___ Available records ___

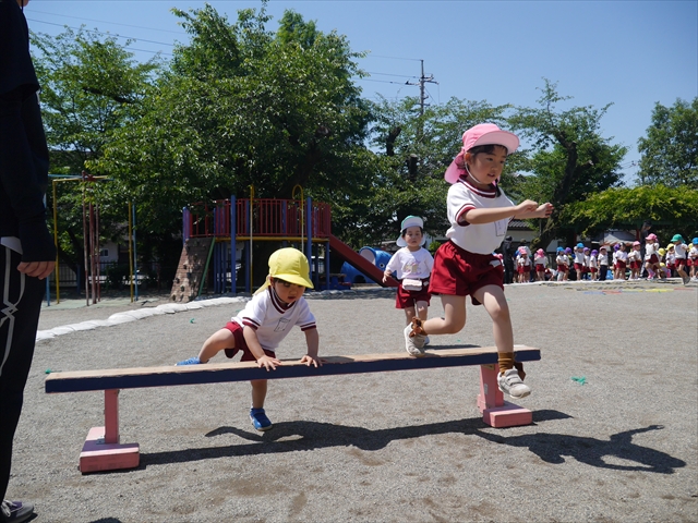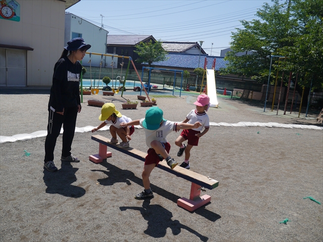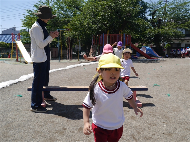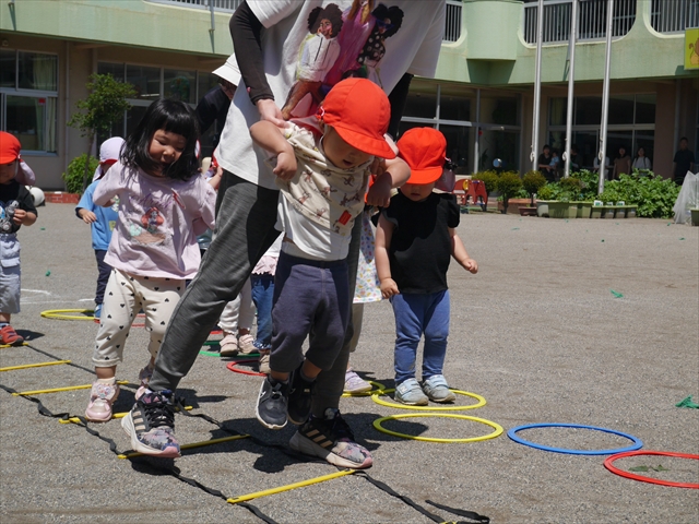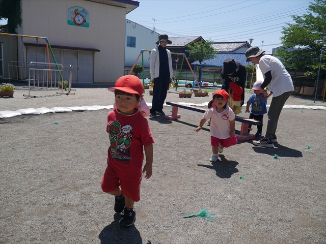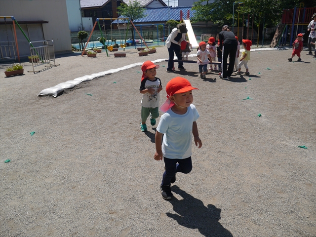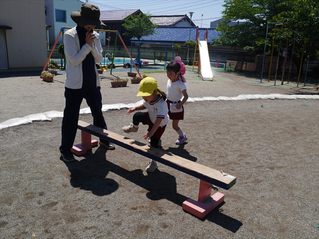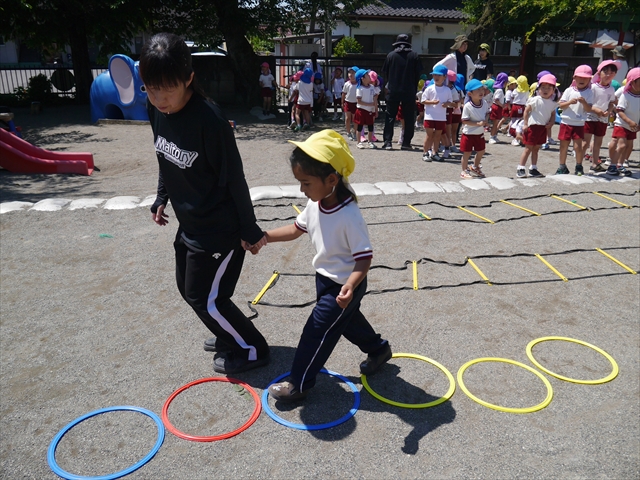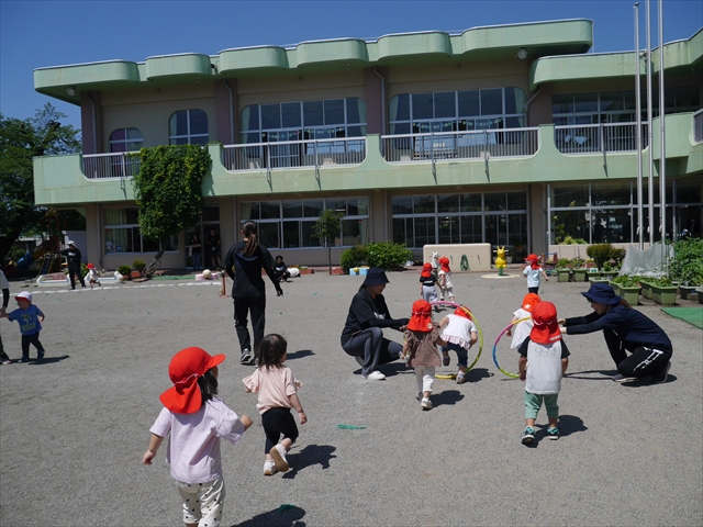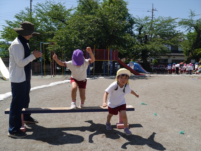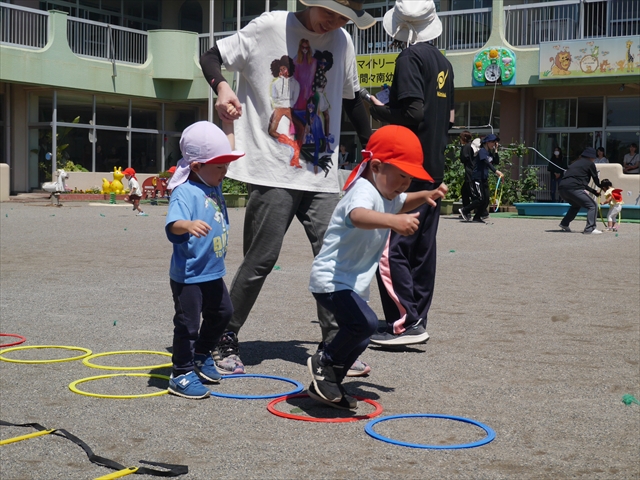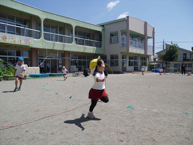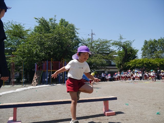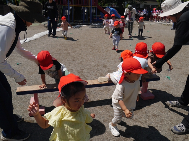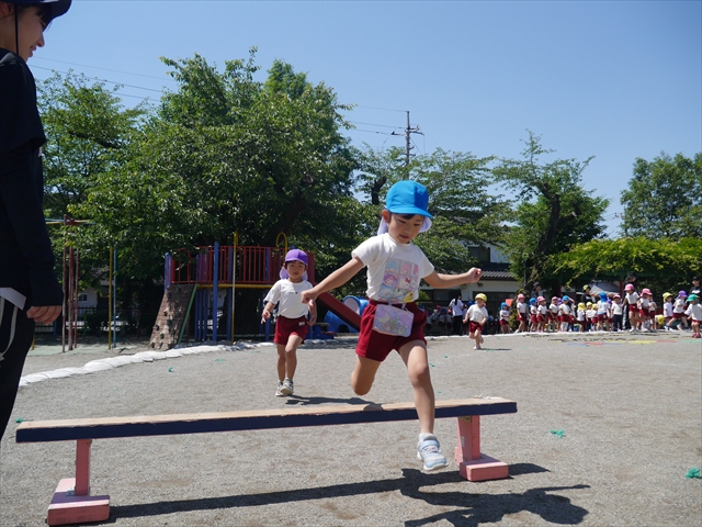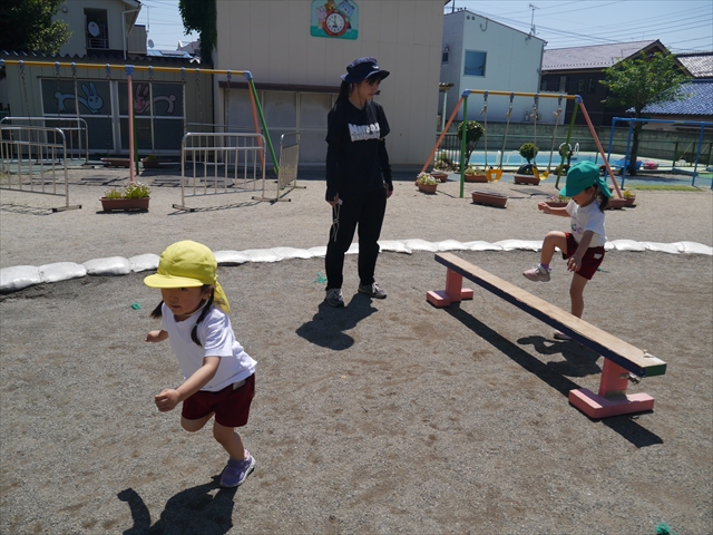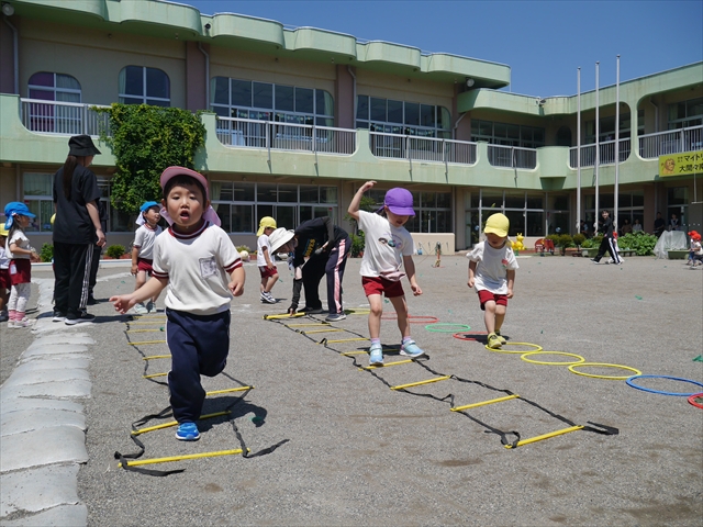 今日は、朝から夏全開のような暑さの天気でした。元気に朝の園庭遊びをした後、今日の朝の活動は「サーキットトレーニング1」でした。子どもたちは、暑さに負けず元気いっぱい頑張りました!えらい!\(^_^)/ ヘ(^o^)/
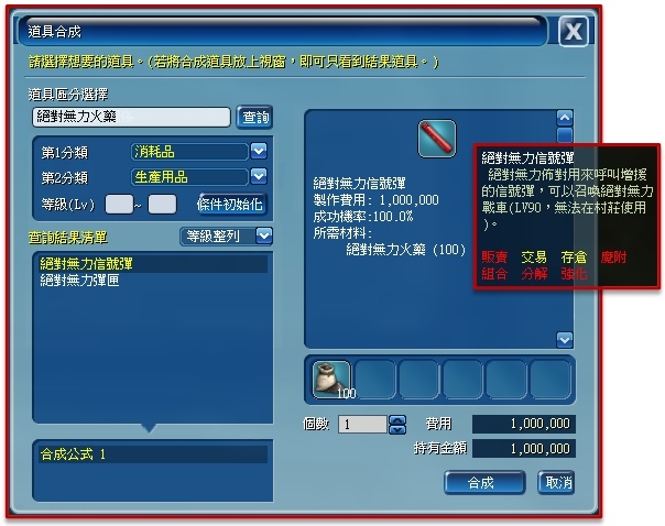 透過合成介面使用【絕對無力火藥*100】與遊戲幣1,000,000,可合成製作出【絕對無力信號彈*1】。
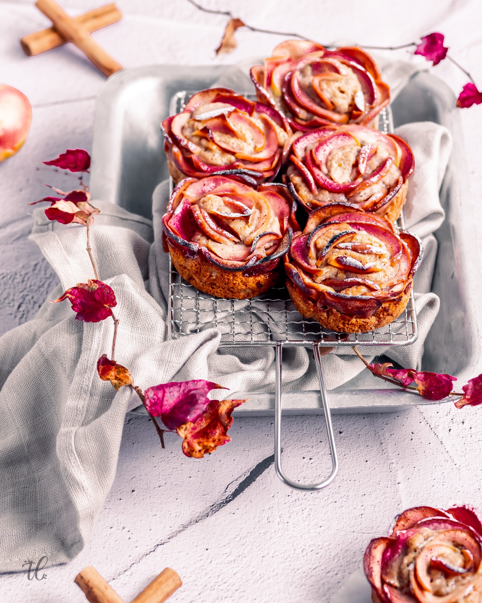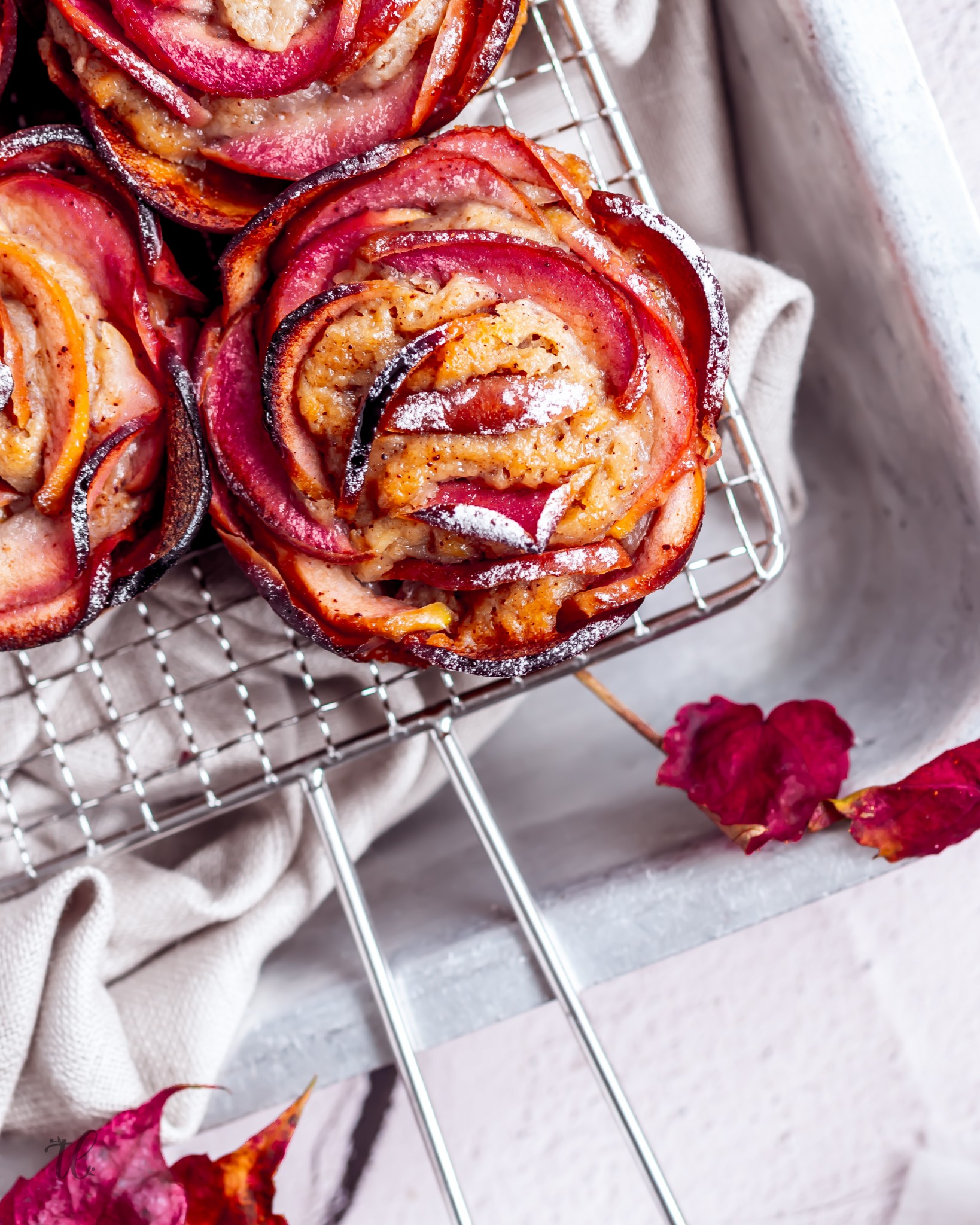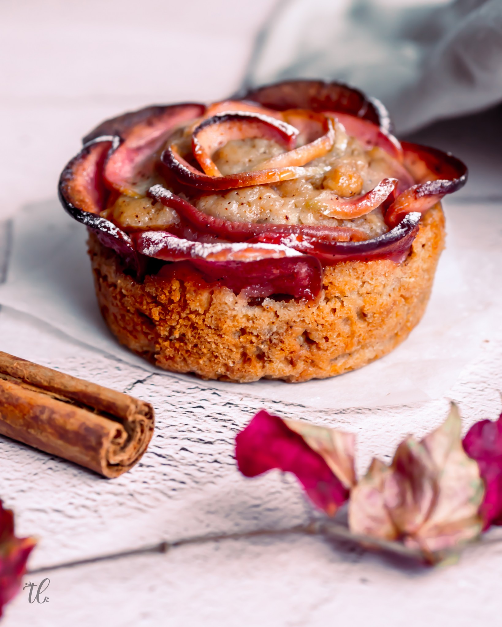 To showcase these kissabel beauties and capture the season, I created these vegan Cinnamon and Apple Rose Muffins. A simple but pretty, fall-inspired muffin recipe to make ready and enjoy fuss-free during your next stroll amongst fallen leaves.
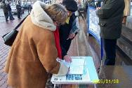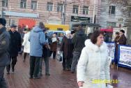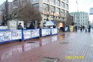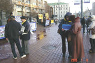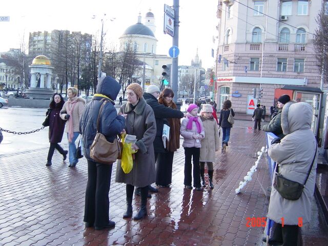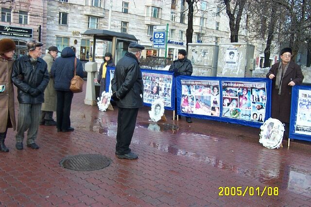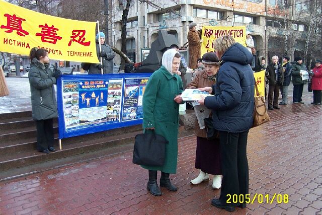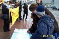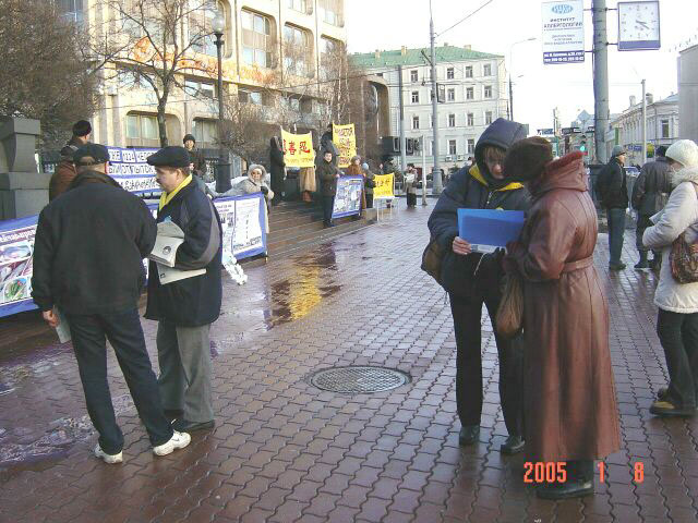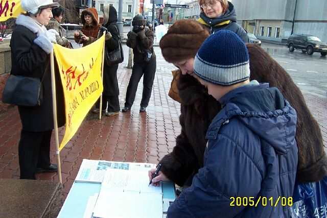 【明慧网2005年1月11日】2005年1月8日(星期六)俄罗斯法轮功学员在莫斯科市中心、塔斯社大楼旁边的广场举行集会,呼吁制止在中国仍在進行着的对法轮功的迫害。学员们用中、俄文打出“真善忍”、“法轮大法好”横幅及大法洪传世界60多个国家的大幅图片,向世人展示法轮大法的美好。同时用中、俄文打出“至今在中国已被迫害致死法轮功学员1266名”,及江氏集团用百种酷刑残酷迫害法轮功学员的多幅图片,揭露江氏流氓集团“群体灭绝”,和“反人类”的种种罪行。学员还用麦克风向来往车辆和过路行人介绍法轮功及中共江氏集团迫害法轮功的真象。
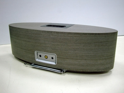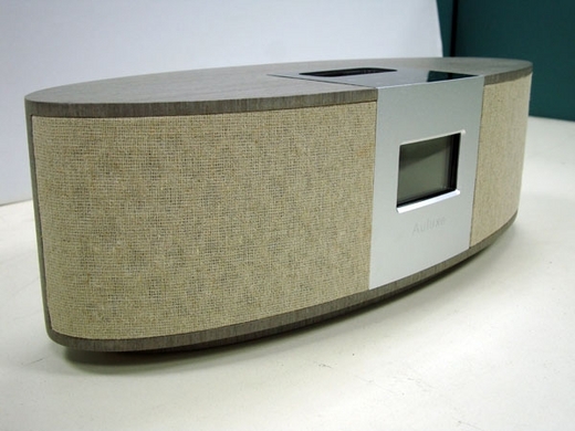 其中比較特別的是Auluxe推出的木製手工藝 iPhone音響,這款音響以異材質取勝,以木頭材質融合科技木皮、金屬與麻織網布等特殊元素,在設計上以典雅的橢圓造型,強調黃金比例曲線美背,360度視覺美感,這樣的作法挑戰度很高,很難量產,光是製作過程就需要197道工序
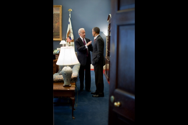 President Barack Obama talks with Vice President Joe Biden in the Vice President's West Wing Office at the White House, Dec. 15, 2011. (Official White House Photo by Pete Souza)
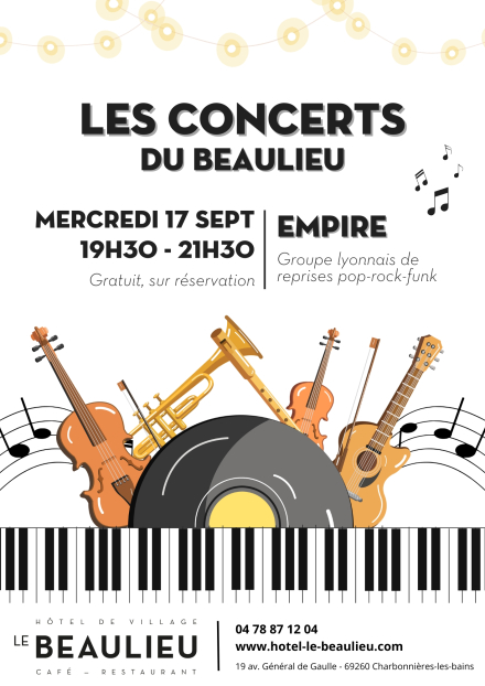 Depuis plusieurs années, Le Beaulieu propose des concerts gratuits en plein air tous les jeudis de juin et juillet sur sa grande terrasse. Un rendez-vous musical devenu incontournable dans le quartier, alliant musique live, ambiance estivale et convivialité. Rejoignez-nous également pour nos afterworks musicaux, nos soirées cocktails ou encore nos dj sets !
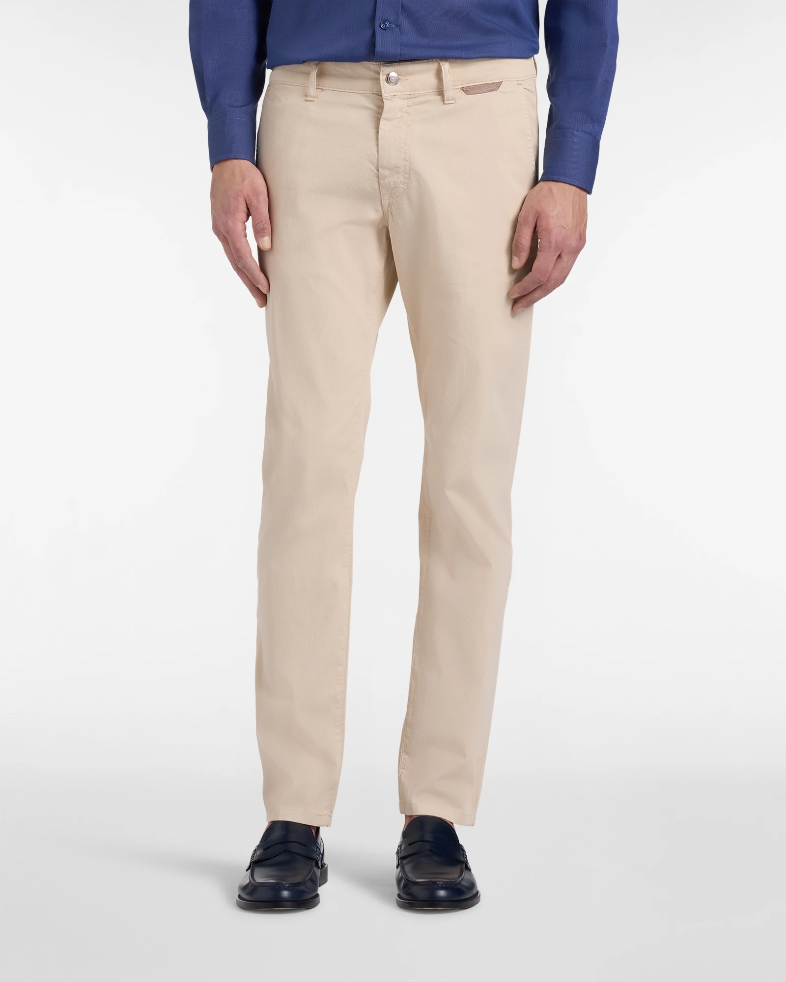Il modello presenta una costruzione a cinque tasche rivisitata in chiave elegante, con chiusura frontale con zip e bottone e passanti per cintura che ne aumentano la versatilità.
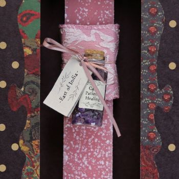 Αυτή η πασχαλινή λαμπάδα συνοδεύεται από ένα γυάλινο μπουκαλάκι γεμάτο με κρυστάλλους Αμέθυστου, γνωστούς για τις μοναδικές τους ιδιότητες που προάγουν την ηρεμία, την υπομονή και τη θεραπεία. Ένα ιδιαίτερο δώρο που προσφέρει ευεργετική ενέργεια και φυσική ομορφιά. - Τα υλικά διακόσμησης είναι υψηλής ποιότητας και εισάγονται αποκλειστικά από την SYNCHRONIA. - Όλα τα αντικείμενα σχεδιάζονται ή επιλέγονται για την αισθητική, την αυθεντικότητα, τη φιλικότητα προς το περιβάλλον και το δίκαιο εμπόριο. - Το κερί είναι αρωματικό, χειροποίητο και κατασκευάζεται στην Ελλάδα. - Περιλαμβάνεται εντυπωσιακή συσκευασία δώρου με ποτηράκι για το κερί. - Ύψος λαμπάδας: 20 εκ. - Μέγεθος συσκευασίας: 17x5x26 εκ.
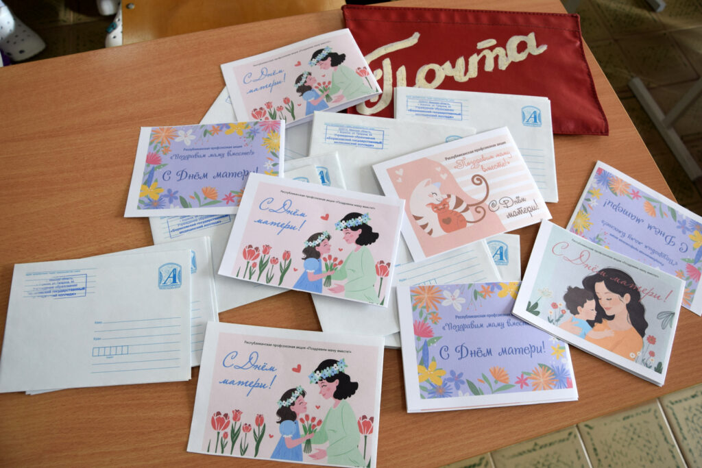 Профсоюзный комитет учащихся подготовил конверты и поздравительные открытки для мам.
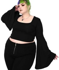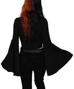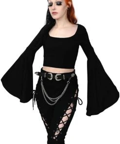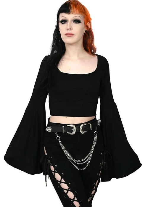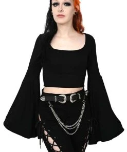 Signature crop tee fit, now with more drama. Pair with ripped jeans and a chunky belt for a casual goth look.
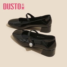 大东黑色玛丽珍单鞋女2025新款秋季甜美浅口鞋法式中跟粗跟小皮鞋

___

# [What this task involves]
Apart from the images, please copy every line of the data exactly as written.

# [Exercise response]
 今日は、朝から夏全開のような暑さの天気でした。元気に朝の園庭遊びをした後、今日の朝の活動は「サーキットトレーニング1」でした。子どもたちは、暑さに負けず元気いっぱい頑張りました!えらい!\(^_^)/ ヘ(^o^)/
 透過合成介面使用【絕對無力火藥*100】與遊戲幣1,000,000,可合成製作出【絕對無力信號彈*1】。
 To showcase these kissabel beauties and capture the season, I created these vegan Cinnamon and Apple Rose Muffins. A simple but pretty, fall-inspired muffin recipe to make ready and enjoy fuss-free during your next stroll amongst fallen leaves.
 【明慧网2005年1月11日】2005年1月8日(星期六)俄罗斯法轮功学员在莫斯科市中心、塔斯社大楼旁边的广场举行集会,呼吁制止在中国仍在進行着的对法轮功的迫害。学员们用中、俄文打出“真善忍”、“法轮大法好”横幅及大法洪传世界60多个国家的大幅图片,向世人展示法轮大法的美好。同时用中、俄文打出“至今在中国已被迫害致死法轮功学员1266名”,及江氏集团用百种酷刑残酷迫害法轮功学员的多幅图片,揭露江氏流氓集团“群体灭绝”,和“反人类”的种种罪行。学员还用麦克风向来往车辆和过路行人介绍法轮功及中共江氏集团迫害法轮功的真象。
 其中比較特別的是Auluxe推出的木製手工藝 iPhone音響,這款音響以異材質取勝,以木頭材質融合科技木皮、金屬與麻織網布等特殊元素,在設計上以典雅的橢圓造型,強調黃金比例曲線美背,360度視覺美感,這樣的作法挑戰度很高,很難量產,光是製作過程就需要197道工序
 President Barack Obama talks with Vice President Joe Biden in the Vice President's West Wing Office at the White House, Dec. 15, 2011. (Official White House Photo by Pete Souza)
 Depuis plusieurs années, Le Beaulieu propose des concerts gratuits en plein air tous les jeudis de juin et juillet sur sa grande terrasse. Un rendez-vous musical devenu incontournable dans le quartier, alliant musique live, ambiance estivale et convivialité. Rejoignez-nous également pour nos afterworks musicaux, nos soirées cocktails ou encore nos dj sets !
Il modello presenta una costruzione a cinque tasche rivisitata in chiave elegante, con chiusura frontale con zip e bottone e passanti per cintura che ne aumentano la versatilità.
 Αυτή η πασχαλινή λαμπάδα συνοδεύεται από ένα γυάλινο μπουκαλάκι γεμάτο με κρυστάλλους Αμέθυστου, γνωστούς για τις μοναδικές τους ιδιότητες που προάγουν την ηρεμία, την υπομονή και τη θεραπεία. Ένα ιδιαίτερο δώρο που προσφέρει ευεργετική ενέργεια και φυσική ομορφιά. - Τα υλικά διακόσμησης είναι υψηλής ποιότητας και εισάγονται αποκλειστικά από την SYNCHRONIA. - Όλα τα αντικείμενα σχεδιάζονται ή επιλέγονται για την αισθητική, την αυθεντικότητα, τη φιλικότητα προς το περιβάλλον και το δίκαιο εμπόριο. - Το κερί είναι αρωματικό, χειροποίητο και κατασκευάζεται στην Ελλάδα. - Περιλαμβάνεται εντυπωσιακή συσκευασία δώρου με ποτηράκι για το κερί. - Ύψος λαμπάδας: 20 εκ. - Μέγεθος συσκευασίας: 17x5x26 εκ.
 Профсоюзный комитет учащихся подготовил конверты и поздравительные открытки для мам.
 Signature crop tee fit, now with more drama. Pair with ripped jeans and a chunky belt for a casual goth look.
 大东黑色玛丽珍单鞋女2025新款秋季甜美浅口鞋法式中跟粗跟小皮鞋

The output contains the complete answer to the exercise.